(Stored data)
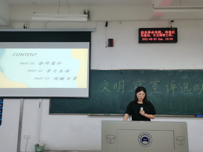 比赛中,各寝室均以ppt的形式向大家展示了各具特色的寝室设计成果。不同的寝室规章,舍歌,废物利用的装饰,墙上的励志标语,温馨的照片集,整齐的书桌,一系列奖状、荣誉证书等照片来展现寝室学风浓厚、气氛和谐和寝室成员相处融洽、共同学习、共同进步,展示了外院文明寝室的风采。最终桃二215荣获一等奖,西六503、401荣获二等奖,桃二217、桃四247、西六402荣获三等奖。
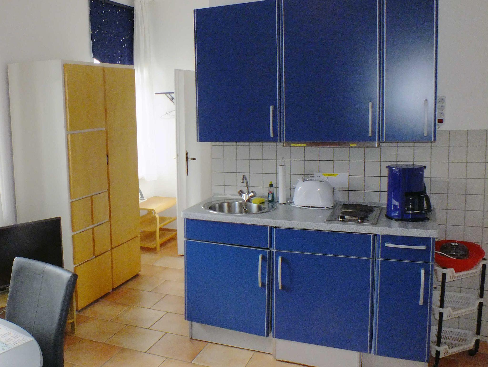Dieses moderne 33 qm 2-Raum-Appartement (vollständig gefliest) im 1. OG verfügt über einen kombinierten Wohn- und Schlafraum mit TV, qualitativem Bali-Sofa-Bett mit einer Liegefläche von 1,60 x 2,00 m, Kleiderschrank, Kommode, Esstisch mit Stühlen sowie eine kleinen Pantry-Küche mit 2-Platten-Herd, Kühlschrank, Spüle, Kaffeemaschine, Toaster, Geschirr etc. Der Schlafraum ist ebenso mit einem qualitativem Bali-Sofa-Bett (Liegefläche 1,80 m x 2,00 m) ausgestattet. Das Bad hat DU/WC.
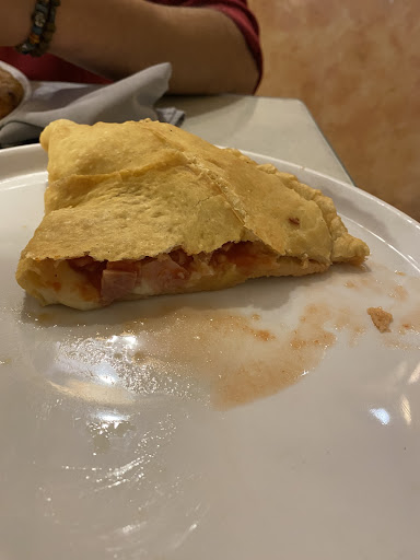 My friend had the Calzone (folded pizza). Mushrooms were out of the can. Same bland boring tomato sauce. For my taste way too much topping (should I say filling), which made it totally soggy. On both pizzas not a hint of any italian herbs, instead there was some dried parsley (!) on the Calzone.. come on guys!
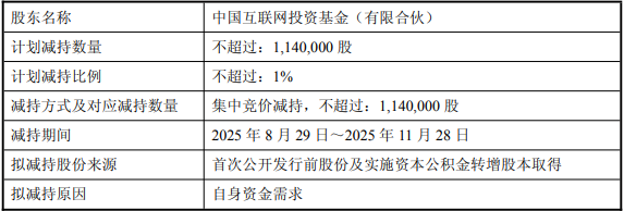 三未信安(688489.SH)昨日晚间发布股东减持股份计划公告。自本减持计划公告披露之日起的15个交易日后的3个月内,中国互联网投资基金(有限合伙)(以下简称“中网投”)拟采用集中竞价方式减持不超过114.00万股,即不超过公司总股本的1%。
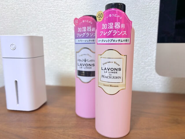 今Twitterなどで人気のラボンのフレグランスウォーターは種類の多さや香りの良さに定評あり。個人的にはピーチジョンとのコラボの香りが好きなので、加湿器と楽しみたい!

TASK TO CARRY OUT:
Which lines run from the one containing "三未信安(688489.SH" to the end of the data above? Set down those lines exactly, and only those, without any pictures.

RESPONSE TO THE TASK:
 三未信安(688489.SH)昨日晚间发布股东减持股份计划公告。自本减持计划公告披露之日起的15个交易日后的3个月内,中国互联网投资基金(有限合伙)(以下简称“中网投”)拟采用集中竞价方式减持不超过114.00万股,即不超过公司总股本的1%。
 今Twitterなどで人気のラボンのフレグランスウォーターは種類の多さや香りの良さに定評あり。個人的にはピーチジョンとのコラボの香りが好きなので、加湿器と楽しみたい!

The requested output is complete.